All that should be output is the block of lines below from the line with "Официальный сайт итальянской" to the line with "Fさまのおうちの1番の見どこ", both included, exactly as written.

Data provided:
==============================

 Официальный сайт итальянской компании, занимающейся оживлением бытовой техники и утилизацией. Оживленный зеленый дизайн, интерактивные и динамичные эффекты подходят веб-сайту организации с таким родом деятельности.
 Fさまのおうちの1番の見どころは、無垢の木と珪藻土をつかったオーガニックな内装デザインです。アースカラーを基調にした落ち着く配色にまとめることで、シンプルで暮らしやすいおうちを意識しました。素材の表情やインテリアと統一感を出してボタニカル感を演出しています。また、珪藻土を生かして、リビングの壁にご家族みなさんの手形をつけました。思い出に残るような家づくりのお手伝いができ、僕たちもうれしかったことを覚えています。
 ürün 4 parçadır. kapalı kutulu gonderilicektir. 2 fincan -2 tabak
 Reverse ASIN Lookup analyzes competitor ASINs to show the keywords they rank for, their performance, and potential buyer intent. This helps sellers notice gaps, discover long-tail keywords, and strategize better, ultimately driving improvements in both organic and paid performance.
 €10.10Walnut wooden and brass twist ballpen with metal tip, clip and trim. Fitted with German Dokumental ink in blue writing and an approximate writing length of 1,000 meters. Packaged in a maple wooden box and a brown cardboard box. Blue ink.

==============================

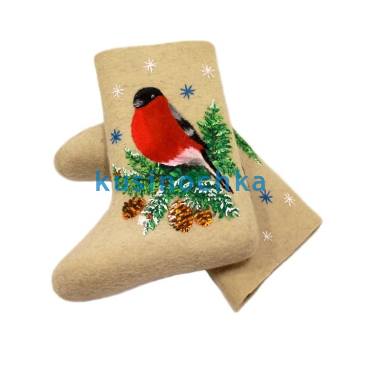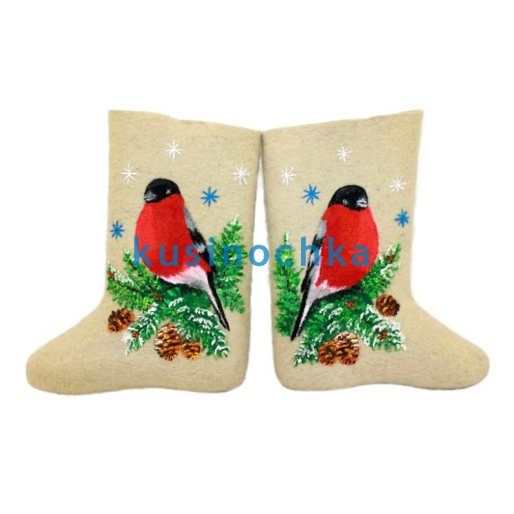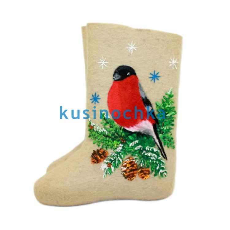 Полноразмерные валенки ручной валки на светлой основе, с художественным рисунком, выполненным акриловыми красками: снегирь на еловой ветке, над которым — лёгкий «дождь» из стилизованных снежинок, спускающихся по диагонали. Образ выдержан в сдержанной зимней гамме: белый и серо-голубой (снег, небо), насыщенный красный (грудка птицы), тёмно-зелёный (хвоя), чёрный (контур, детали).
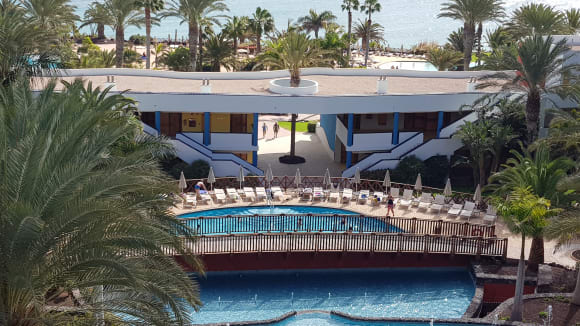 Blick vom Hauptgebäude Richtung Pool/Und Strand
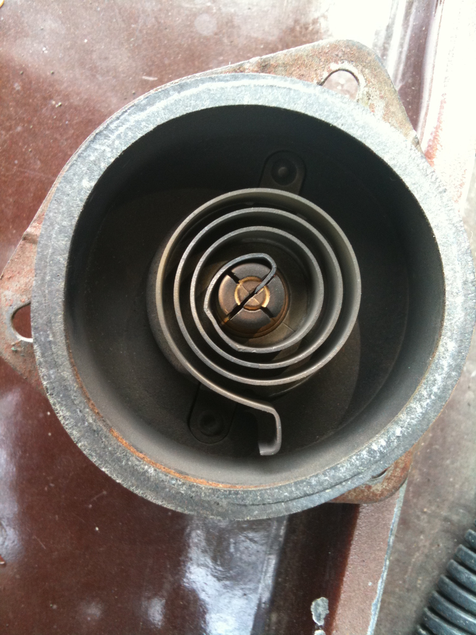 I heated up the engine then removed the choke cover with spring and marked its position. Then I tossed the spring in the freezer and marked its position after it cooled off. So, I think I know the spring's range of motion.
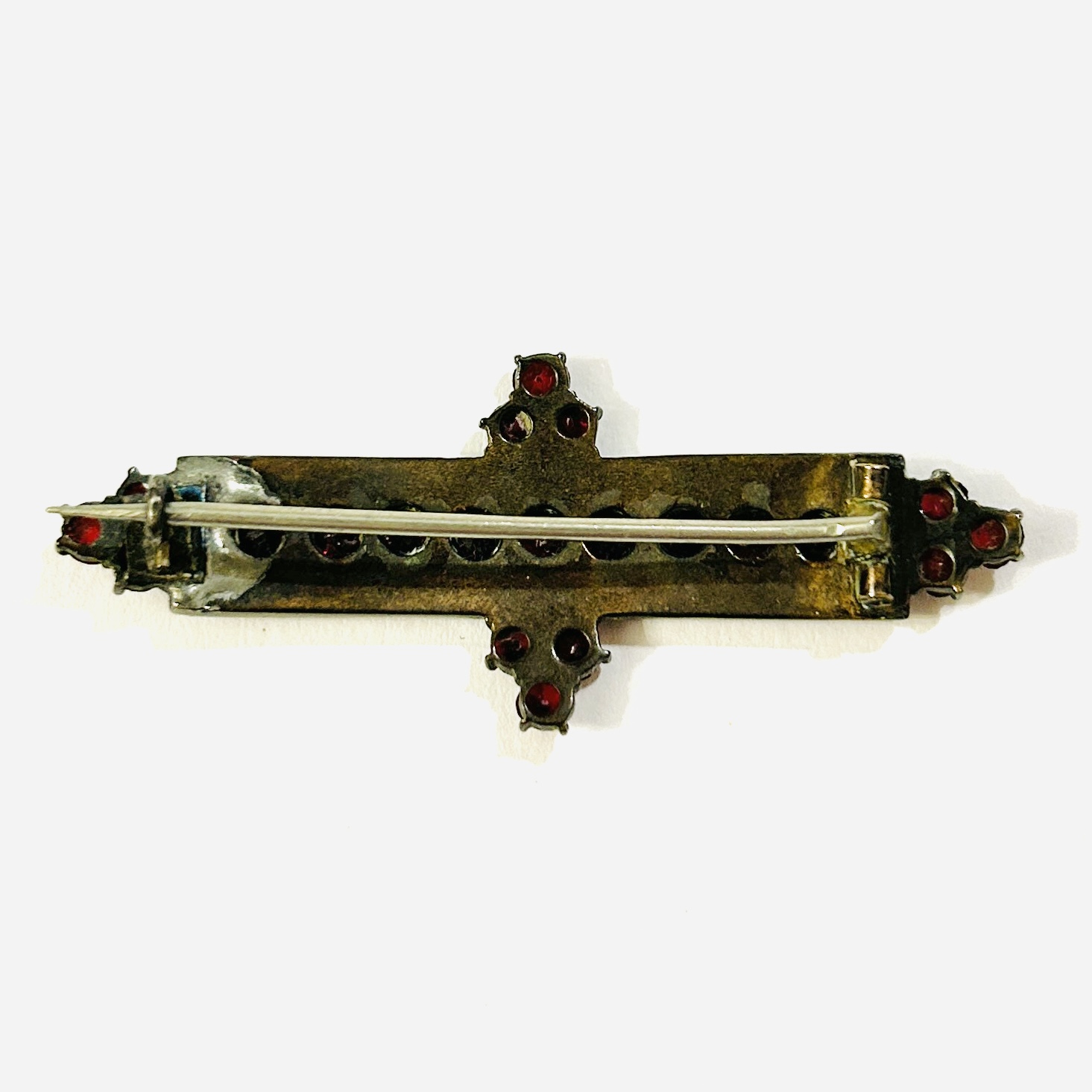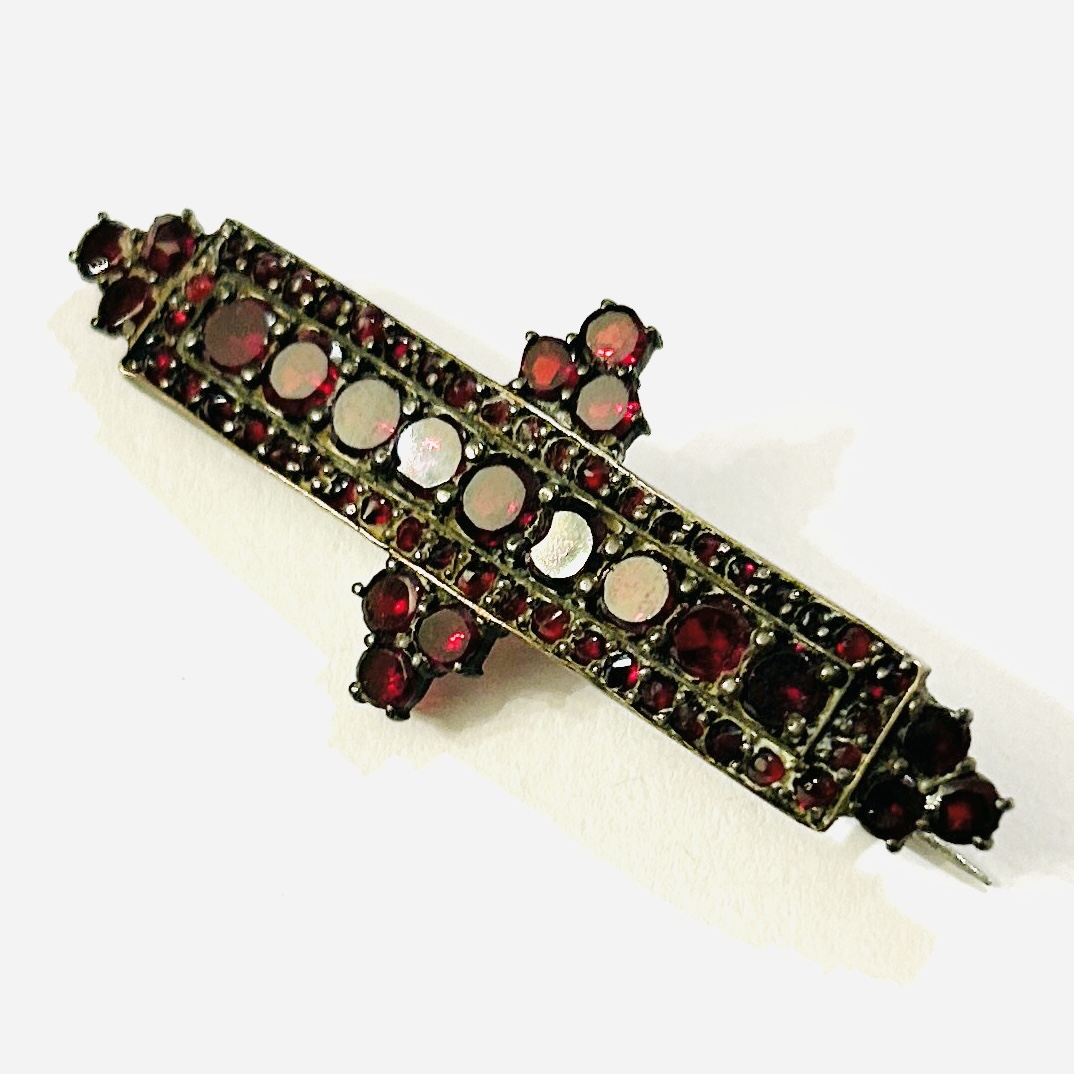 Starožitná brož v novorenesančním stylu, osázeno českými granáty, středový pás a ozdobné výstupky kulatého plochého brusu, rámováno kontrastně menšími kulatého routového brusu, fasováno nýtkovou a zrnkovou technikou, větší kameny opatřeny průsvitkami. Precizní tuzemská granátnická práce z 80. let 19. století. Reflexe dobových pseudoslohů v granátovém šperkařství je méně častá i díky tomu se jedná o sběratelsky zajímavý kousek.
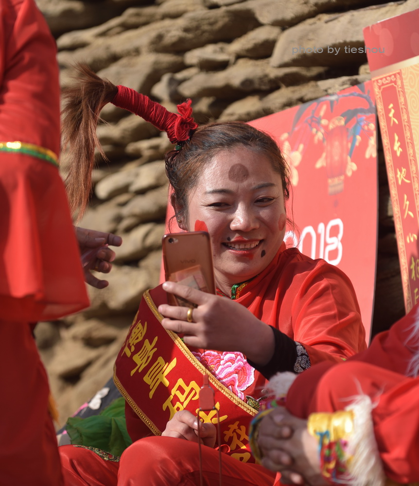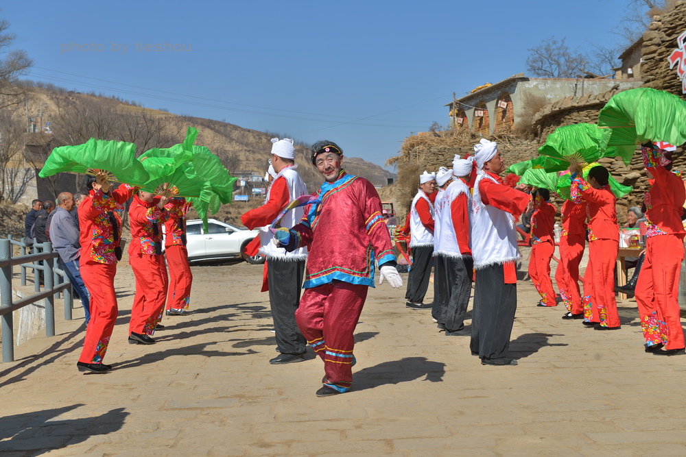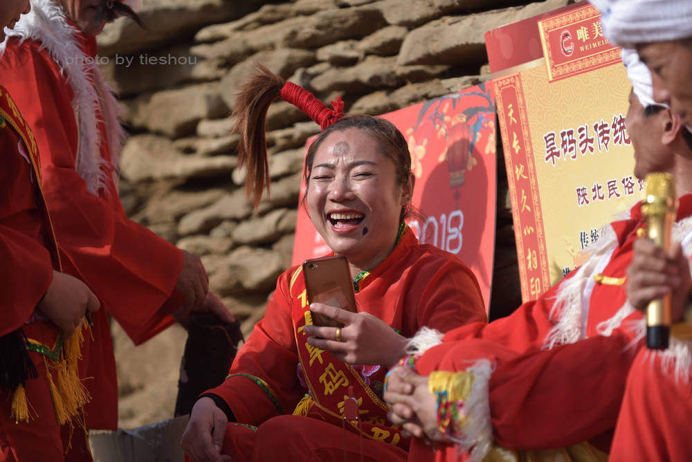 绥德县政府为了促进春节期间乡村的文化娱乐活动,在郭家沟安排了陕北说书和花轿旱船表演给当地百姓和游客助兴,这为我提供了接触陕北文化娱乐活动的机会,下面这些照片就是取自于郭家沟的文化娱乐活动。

==============================

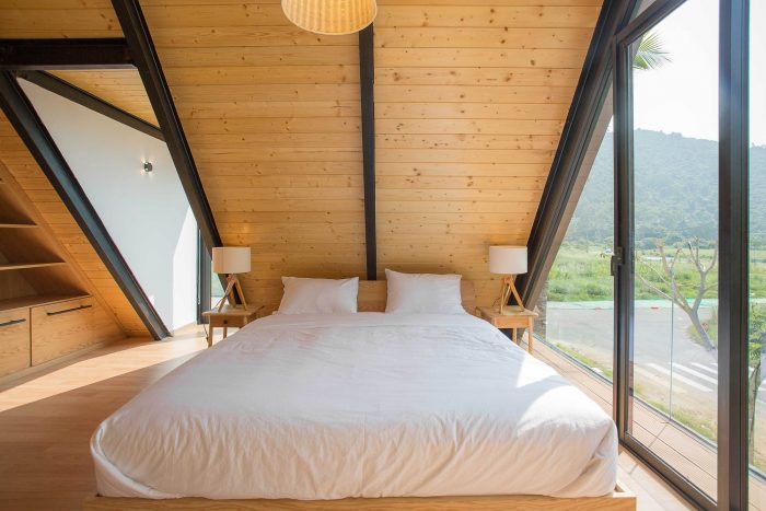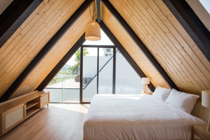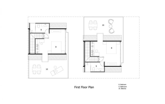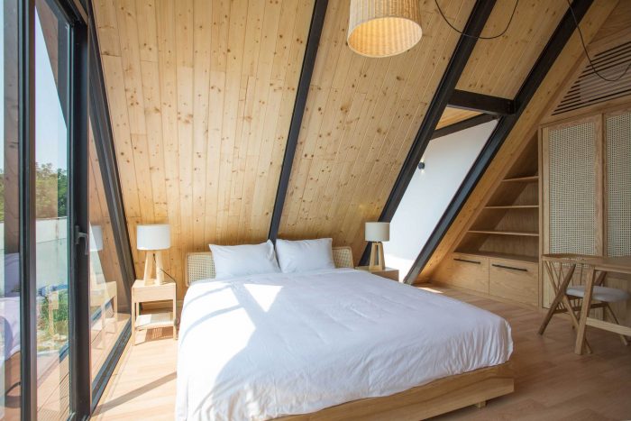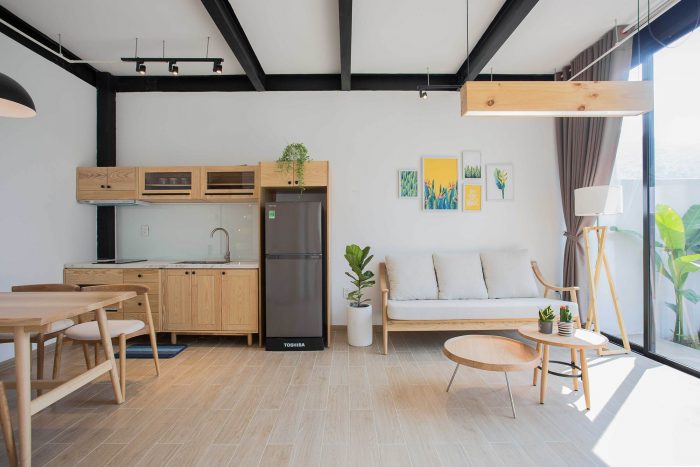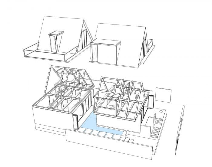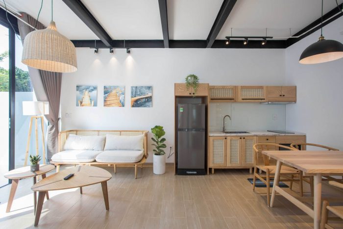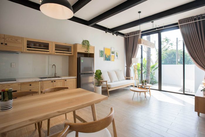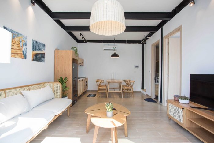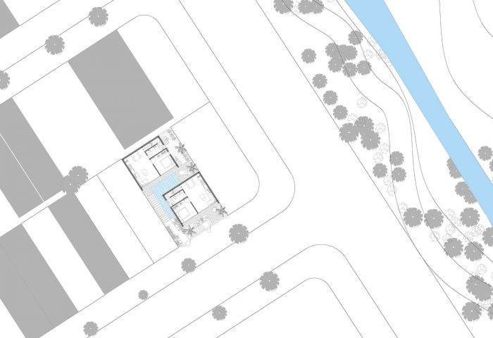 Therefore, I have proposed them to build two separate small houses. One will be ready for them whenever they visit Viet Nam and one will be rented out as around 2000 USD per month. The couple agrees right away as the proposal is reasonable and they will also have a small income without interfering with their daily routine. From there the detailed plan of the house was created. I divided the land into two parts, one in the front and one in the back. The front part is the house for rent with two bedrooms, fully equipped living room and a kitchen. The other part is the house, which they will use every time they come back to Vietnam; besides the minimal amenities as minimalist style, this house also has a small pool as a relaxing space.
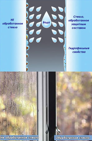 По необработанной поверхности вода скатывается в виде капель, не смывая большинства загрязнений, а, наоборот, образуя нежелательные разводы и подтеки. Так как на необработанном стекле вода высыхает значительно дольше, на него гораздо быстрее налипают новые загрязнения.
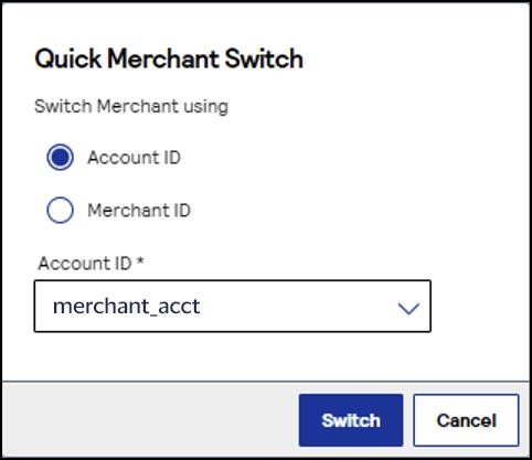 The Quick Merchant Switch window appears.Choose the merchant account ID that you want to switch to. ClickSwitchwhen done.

==============================

Exercise response:
 Официальный сайт итальянской компании, занимающейся оживлением бытовой техники и утилизацией. Оживленный зеленый дизайн, интерактивные и динамичные эффекты подходят веб-сайту организации с таким родом деятельности.
 Fさまのおうちの1番の見どころは、無垢の木と珪藻土をつかったオーガニックな内装デザインです。アースカラーを基調にした落ち着く配色にまとめることで、シンプルで暮らしやすいおうちを意識しました。素材の表情やインテリアと統一感を出してボタニカル感を演出しています。また、珪藻土を生かして、リビングの壁にご家族みなさんの手形をつけました。思い出に残るような家づくりのお手伝いができ、僕たちもうれしかったことを覚えています。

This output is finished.